Hepatitis B virus (HBV) has infected one-third of the world’s population and can be prevented by vaccination [32]. Although it has been reported that patients with IBD have an increased risk of acquiring viral hepatitis [33], recent studies demonstrated that the prevalence of HBV in IBD patients does not differ of that found in the general population [34,35]. Taking into account that patients with IBD may need immunosuppressive drugs at some point during f treatment, it is necessary to screen all patients for HBV markers at diagnosis, since that it is well known that patients receiving immunosuppressants, including anti-TNF-α agents, may have reactivation of HBV as well as hepatic decompensation [36]. Serologic assessment for HBV must include hepatitis B surface antigen (HBsAg), hepatitis B surface antibody (HBsAb) with levels, and hepatitis B core antibody (HBcAb). It is imperative to vaccinate patients who lack serum protector level of anti-HBs (≥10 U) before anti-TNF-α therapy, because an increasing number of hepatitis B reactivation has been reported when no preventive measure is adopted.
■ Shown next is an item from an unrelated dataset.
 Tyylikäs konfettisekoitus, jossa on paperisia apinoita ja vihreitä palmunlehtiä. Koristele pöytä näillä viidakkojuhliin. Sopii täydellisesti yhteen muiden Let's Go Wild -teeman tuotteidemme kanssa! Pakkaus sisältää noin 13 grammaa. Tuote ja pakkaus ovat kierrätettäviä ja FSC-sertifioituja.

A full vaccination course (0, 1, and 6 months) for HBV is recommended in patients that have not received vaccine previously, and a booster dose must be used in those vaccinated when anti-HBs level is below 10 units [37]. If active HBV is found, prophylactic therapy with an anti-nucleot(s)ide should be started at least 1–3 weeks before biological employment, and anti-TNF-α therapy should be delayed until a negative HBV DNA viral load is obtained, which may require 2–3 months [37,38]. In this situation, antiviral therapy should be maintained for at least 6 months after biologic therapy withdrawal [37]. Additionally, IBD patients who are positive for the hepatitis B surface antigen, with or without active viral replication, should receive antiviral prophylaxis before undergoing immunosuppression in order to avoid HBV reactivation [38]. Prophylaxis should be ordered regardless of the number and type of immunosuppressants used, whether steroids, immunomodulators, or biologics [38]. Tenofovir/entecavir is preferred over lamivudine as nucleos(t)ide analogues due to their better resistance profile.
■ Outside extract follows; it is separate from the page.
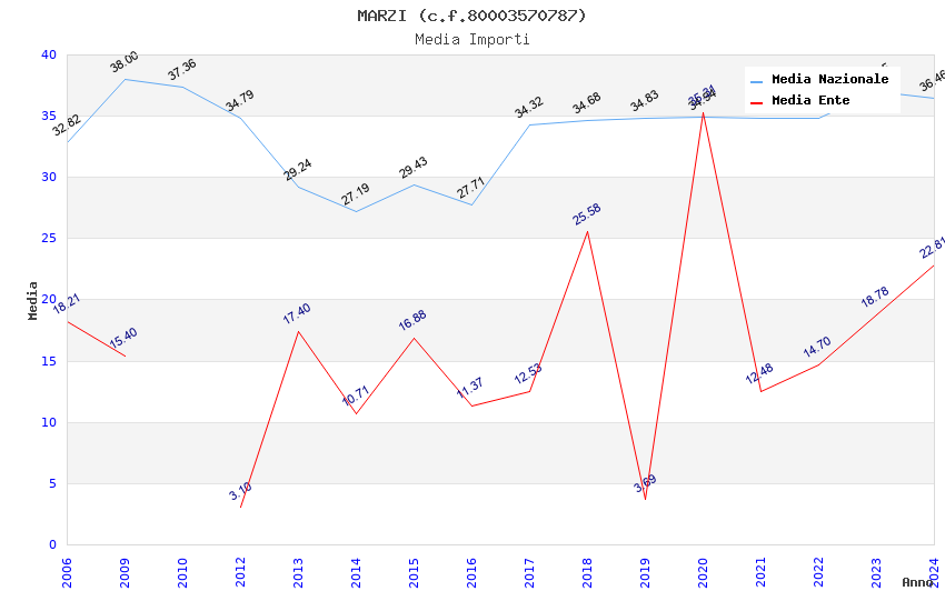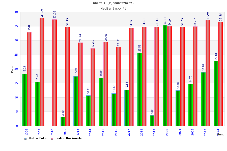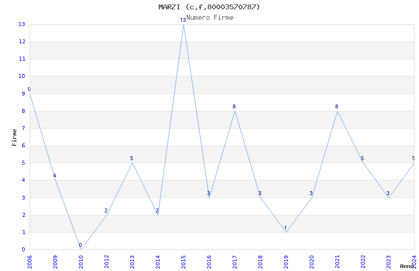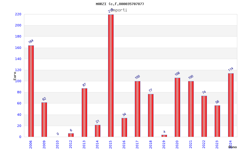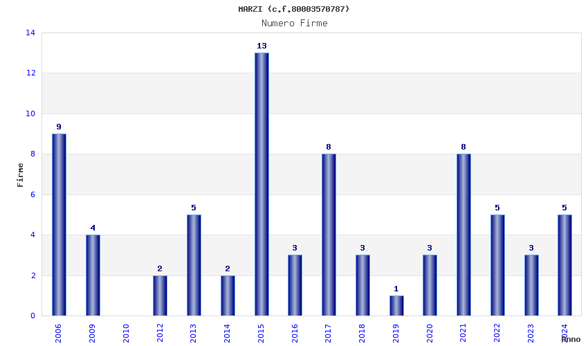 | Anno | Firme | Importi | Media | Naz. | Reg. | Prov. | Comu. |

Although less common, HBV reactivation can also occur during immunosuppressive therapy in patients with occult HBV infection defined by a quiescent infection in HBsAg/anti-HBc-positive or anti-HBc-positive/anti-HBs-positive patients and DNA persisting in the nucleus of hepatocytes [39]. IBD patients with occult HBV should be monitored for alanine aminotransferase and HBV DNA during throughout their treatment with immunosuppressant [37,40].
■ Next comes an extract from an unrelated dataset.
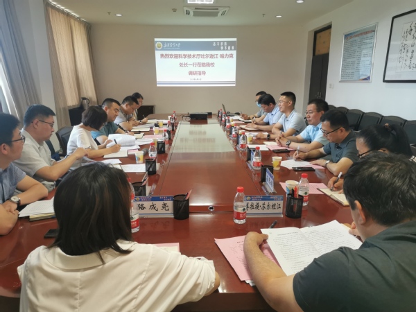 自治区科学技术厅成果转化与科技奖励处处长吐尔逊江·哈力克一行来校调研

If anti-TNF-α therapy is used in HBV-infected patients who also receive concomitant anti-viral treatment, the outcome from case reports has been good for infliximab and adalimumab, with no evidence of viral reactivation. Serum aminotransaminases remained normal and there was no increase in viral load during treatment with each of the 3 anti-TNF-α agents. Liver dysfunction in patients with IBD treated with an immunosuppressant is more frequent and severe in those with HBV than in HCV carriers and is associated mainly with combined immunosuppression [37,38].

Hepatitis C

Concurrent hepatitis C virus (HCV) infection in IBD patients is uncommon. Treatment of IBD with infliximab in HCV patients did not result in flares in hepatic biochemical tests, and there was improvement in the IBD disease activity score [41]. The role of anti-TNF-α in hepatitis C virus (HCV) replication is not well understood but it is assumed that IBD patients with HCV can be treated with anti-TNF-α and the screen for HCV would be unnecessary [12]. However, as far as we are concerned, it seems prudent to identify patients with HCV and IBD before anti-TNF-α therapy and to evaluate the degree of hepatic injury that is present, because patients with advanced fibrosis or even cirrhosis may be more predisposed to infections by the liver disease in itself, and the use of biological drugs may require more caution regarding the doses and the interval between them. This aspect of IBD and HCV is not yet completely clarified. Treatment of hepatitis C in patients with IBD was recently indicated as effective and safe with interferon and ribavirin, the same as in patients without IBD [42]. However, the safety profile of anti-TNF-α agents in the setting of HCV infection seems to be acceptable, even if differences in the hepatotoxic profile are apparent between different agents, and, in the absence of long-term and large controlled clinical trials, a definitive statement on the safety of anti-TNF-α therapies in the setting of chronic HCV infection cannot be made [41].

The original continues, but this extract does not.